Dataset content
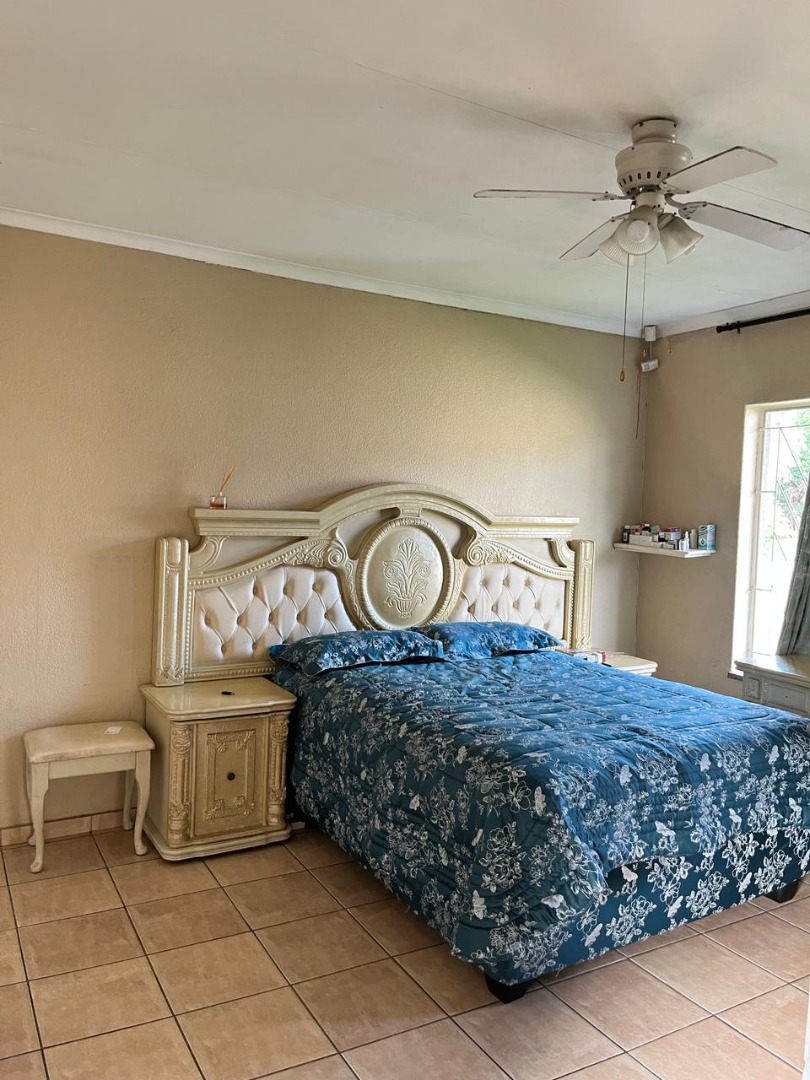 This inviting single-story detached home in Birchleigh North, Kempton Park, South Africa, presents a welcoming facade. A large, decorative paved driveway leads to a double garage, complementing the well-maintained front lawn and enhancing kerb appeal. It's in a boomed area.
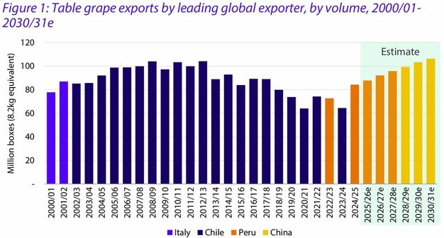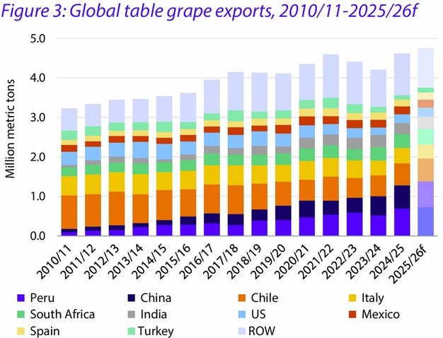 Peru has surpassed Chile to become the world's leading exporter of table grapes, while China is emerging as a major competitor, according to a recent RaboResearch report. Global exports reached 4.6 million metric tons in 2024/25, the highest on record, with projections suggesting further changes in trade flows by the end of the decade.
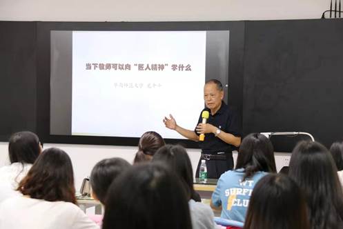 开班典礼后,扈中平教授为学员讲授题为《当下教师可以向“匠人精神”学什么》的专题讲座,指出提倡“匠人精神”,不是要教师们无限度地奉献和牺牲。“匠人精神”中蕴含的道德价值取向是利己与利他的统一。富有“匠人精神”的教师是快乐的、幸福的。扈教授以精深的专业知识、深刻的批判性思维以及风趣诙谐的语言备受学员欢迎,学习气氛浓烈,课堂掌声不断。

Requirement
Beginning with the line where "Peru has surpassed" appears, restate word for word every line down to the last one in the data, but keep the pictures out.

Solution for this problem
 Peru has surpassed Chile to become the world's leading exporter of table grapes, while China is emerging as a major competitor, according to a recent RaboResearch report. Global exports reached 4.6 million metric tons in 2024/25, the highest on record, with projections suggesting further changes in trade flows by the end of the decade.
 开班典礼后,扈中平教授为学员讲授题为《当下教师可以向“匠人精神”学什么》的专题讲座,指出提倡“匠人精神”,不是要教师们无限度地奉献和牺牲。“匠人精神”中蕴含的道德价值取向是利己与利他的统一。富有“匠人精神”的教师是快乐的、幸福的。扈教授以精深的专业知识、深刻的批判性思维以及风趣诙谐的语言备受学员欢迎,学习气氛浓烈,课堂掌声不断。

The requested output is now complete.